New vs. Traditional Media

The role and behaviour of media became topics of discussion after the shooting rampage of Seung-Hui Cho. Cho's was the first mass killing of the fully-realised social media age. Facebook, LiveJournal, and blogs became news sources equal to traditional media, leading some to herald the rise of citizen journalism.

Real-time Coverage

Blogs and mobiles spread the earliest information about the rampage. The most famous example is graduate student Jamal Albarghouti's video, shot on his mobile, which shows police reacting to the sound of shots fired and screaming. He posted the video to CNN's citizen journalism website where it got millions of hits in a single day. Virginia Tech's campus newspaper began posting blog updates at 9.47am, before the shooting had even stopped. Following the shooting, students reported mobile phone networks were down: "Right when it happened, the [mobile] phones didn't work," said one. In lieu of calling friends, students resorted to text messages, instant messages, and Facebook updates. Facebook groups were instantly created to update others with information. Students posted photos to Flickr and other sites, including one photo showing students as they took cover in their French class. Traditional media outlets availed themselves of this firsthand reporting, for which they've been both criticised and praised.

Traditional Media Enter

One LiveJournal posting from the boyfriend of a hospitalised victim immediately garnered attention. The second comment to the entry was from the CBC, requesting an interview. NPR, the Boston Herald, MTV News, and many others quickly followed, sparking criticism from the friends of the victim. In another example, CNN paid Albarghouti for the exclusive right to air his mobile video. Many were critical of this, arguing that the video has no inherent news value. The media became such a nuisance that a week after the attack, the student government issued a statement asking the media to leave campus, saying, "Students in general will also be declining all requests and contact from the media."

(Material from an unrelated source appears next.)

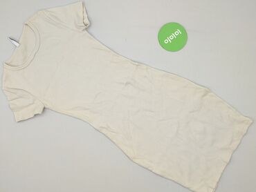 Sukienka dzianinowa midi w kolorze beżowym. - Krój: prosty, lekko dopasowany, z pionowymi cięciami modelującymi sylwetkę z przodu i z tyłu - Rękaw: krótki - Dekolt: okrągły - Długość: za kolano (m...

The Rise of Citizen Journalism

Yet others praised the media coverage. Canadian journalism teacher Mark Hamilton called it "the new mediascape in action, a potent mix of journalists, witnesses and aggregators telling the story better than any of them could alone." It was a sign of the new democratised media, which values the quality of information over the brand of the information's source. Dan Gillmor of the Center for Citizen Media wrote in the Washington Examiner, "We used to say that journalists write the first draft of history. Not so, not any longer. The people on the ground at these events write the first draft."